Dominique A: seul au sommet

© Frederic Pauwels

Pour sa toute première prestation aux Francofolies de Spa, le quasi vétéran Dominique A a fait parler la foudre. Un concert abrasif qui confirme, si besoin en était, sa position sur la scène musicale française contemporaine: seul au sommet.

Ainsi donc Dominique A n’avait jamais joué à Spa. La grande affaire. A voir, mercredi soir dans le village francofou, le public spadois achever de frapper grassement des mains au rythme des niaiseries du mal nommé Yodelice, à entendre surtout ce présentateur braillard introduire le chanteur nantais comme on annonce un tour d’auto-scooter supplémentaire à la fête foraine du coin, on se demande à vrai dire, l’espace d’un instant, si le festival a bien mérité sa présence. Soit.

La setlist du jour s’articule essentiellement autour des disques sortis l’an dernier: le diptyque La Musique/La Matière (via Le Sens, Les Garçons perdus ou un Hasta que el cuerpo aguante furibard) mais aussi l’EP 4 titres Kick Peplum (un Manset conviant le grand Gérard à un  » slow endiablé « ). Avant que Le Métier de faussaire ne marque la première incursion, survoltée, dans son répertoire plus ancien (La Mémoire Neuve, 1995). Suivent, dans un torrent de tension dévorante, Immortels, écrit pour Bashung, et Le Bruit blanc de l’été, inspiré par l’ambiance cacophonique des festivals, lui-même directement enchaîné sur un déchirant En secret, seconde machine à remonter le temps (Auguri, 2001) d’un concert qui en sera chiche. Frissons.

Bel Animal et Je suis parti un matin dévalent les mêmes cascades de rock à la fois humide, tellurique et abrasif, avant que La Fin d’un monde ne sonne la première -et pour tout dire la seule- accalmie de la soirée. Mais même là, le calme est relatif, car au loin l’orage gronde toujours. Belle ironie pour celui qui, atteint d’astraphobie (peur phobique des orages), saisit sans doute à bras le corps la chance de soigner le mal par le mal. Sur Pour la peau (Auguri, 2001), immense, et Nanortalik, Dominique A fait encore parler la foudre, déversant en français des flots de mots crève-coeurs dans un maelstrom musical éminemment anglo-saxon. Le temps de quelques saisissants éclairs, on croirait même sentir frémir, au bout de son manche de guitare, sa passion jamais démentie pour les années bénies du label Sarah Records, ses Field Mice, Orchids et autres Sea Urchins.
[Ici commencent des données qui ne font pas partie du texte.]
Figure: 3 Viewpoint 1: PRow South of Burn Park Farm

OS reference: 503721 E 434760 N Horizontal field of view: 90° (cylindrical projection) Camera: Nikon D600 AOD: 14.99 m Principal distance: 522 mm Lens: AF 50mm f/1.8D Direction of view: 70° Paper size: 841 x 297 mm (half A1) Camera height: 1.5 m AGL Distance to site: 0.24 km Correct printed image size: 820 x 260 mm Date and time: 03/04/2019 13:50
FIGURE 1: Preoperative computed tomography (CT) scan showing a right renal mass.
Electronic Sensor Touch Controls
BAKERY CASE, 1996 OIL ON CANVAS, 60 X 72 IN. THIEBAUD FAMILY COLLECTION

Pendant ce temps, non loin de là, les playmobils permanentés du rock belge -Ghinzu, donc- s’apprêtent à investir, l’esprit résolument conquérant, la grande scène du Parc de Sept Heures. Tant pis pour leurs ouailles impatientes, agglutinées devant le podium-autel comme en attente d’une communion béate: ce soir, la messe a déjà été dite. Par un Dominique A enfonçant définitivement le clou en un Twenty-Two Bar (La Mémoire Neuve, 1995) sous haute tension électrique puis, surtout, un aussi hallucinant que tubesque Courage des oiseaux de  » vingt ans d’âge « , comme se plaît à le rappeler, le sourire en coin, le Nantais.
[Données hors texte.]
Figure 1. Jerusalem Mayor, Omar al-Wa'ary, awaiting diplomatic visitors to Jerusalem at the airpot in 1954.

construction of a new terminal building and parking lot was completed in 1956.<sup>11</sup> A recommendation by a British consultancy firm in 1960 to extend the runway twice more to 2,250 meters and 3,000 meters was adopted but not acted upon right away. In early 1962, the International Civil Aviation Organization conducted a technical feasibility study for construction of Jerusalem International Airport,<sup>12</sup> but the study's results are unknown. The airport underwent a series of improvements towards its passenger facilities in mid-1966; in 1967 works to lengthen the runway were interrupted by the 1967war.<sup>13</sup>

En 2012, en effet, La Fossette, chef-d’oeuvre séminal, manifeste inoxydable de ce qu’on appela alors la  » nouvelle chanson française « , fêtera ses 20 ans. L’occasion, immanquable, pour beaucoup d’évaluer enfin à sa juste valeur une carrière dense, unique, essentielle. Le roi Bashung n’est plus, et dans son ombre se dresse aujourd’hui un Dominique A plus passionnant que jamais. Autour de lui: soudain, le vide.